Since chronic congestive heart failure syndromes are associated with both elevated circulating levels of angiotensin II and potentially lethal ventricular tachyarrhythmias, we investigated the effect of angiotensin II on voltage-dependent cardiac Na+ currents. Single-channel Na+ currents in neonatal rat ventricular myocytes were studied using the patch clamp method in the cell-attached mode. Angiotensin II applied outside the patch increased the frequency of opening and rates of activation and inactivation of single-channel Na+ currents within the patch. These effects were mimicked by the phorbol ester 12-O-tetradecanoylphorbol-13-acetate (TPA) and were prevented by prior incubation with TPA. Therefore, we propose that angiotensin II modulates cardiac Na+ currents by a cytoplasmic second messenger, perhaps protein kinase C, and this may predispose toward arrhythmia.

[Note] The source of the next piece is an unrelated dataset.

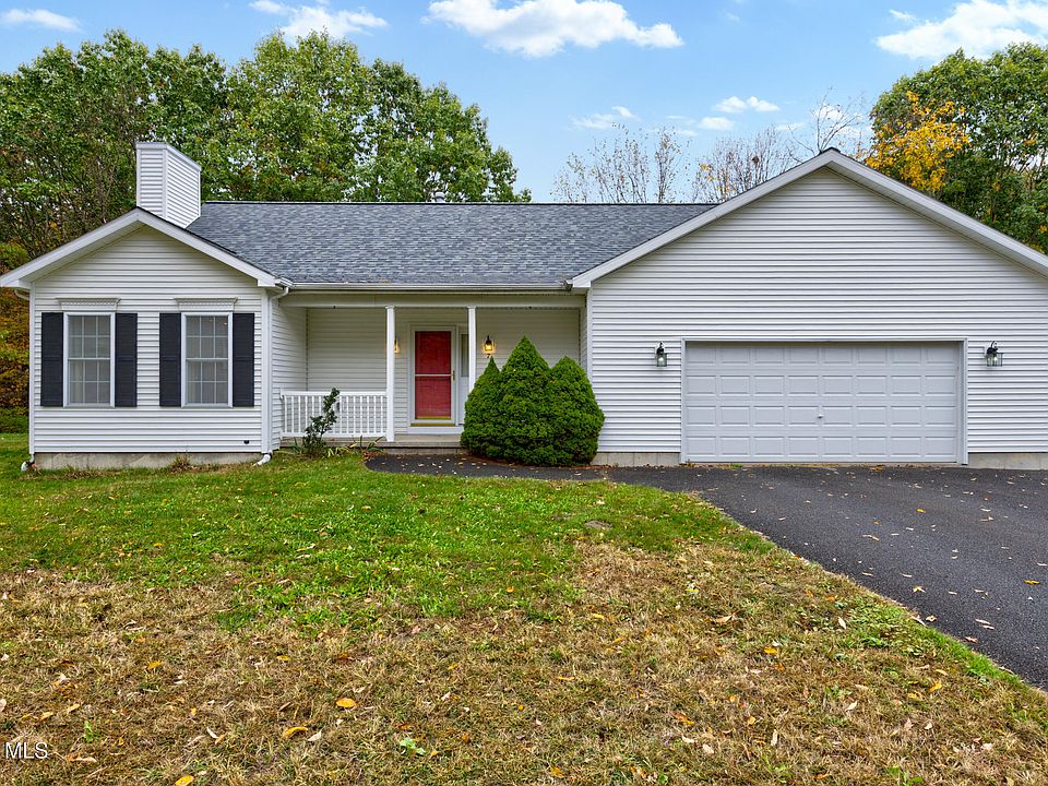 Beautiful three-bedroom ranch with 2 full bathrooms, offering comfortable single-level living in a tranquil setting. The open concept floorplan features a spacious kitchen that flows seamlessly into the dining and living areas—perfect for entertaining or everyday living. A large deck overlooks the peaceful, wooded lot, creating a private backyard retreat. Enjoy cozy evenings by the gas fireplace in the living room. Additional highlights include a convenient first-floor laundry room, a two-car garage with extra storage, and a brand-new roof (2025). A wonderful opportunity to own a move-in ready home in a serene location!

由于慢性充血性心力衰竭综合征与血管紧张素II循环水平升高和潜在致命的室性快速性心律失常均有关联,我们研究了血管紧张素II对电压依赖性心脏钠电流的影响。采用膜片钳技术的细胞贴附模式,研究新生大鼠心室肌细胞中的单通道钠电流。施加于膜片外部的血管紧张素II增加了膜片内单通道钠电流的开放频率、激活速率和失活速率。佛波酯12-O-十四酰佛波醇-13-乙酸酯(TPA)可模拟这些效应,且预先用TPA孵育可阻止这些效应。因此,我们提出血管紧张素II通过一种胞质第二信使(可能是蛋白激酶C)来调节心脏钠电流,这可能易导致心律失常。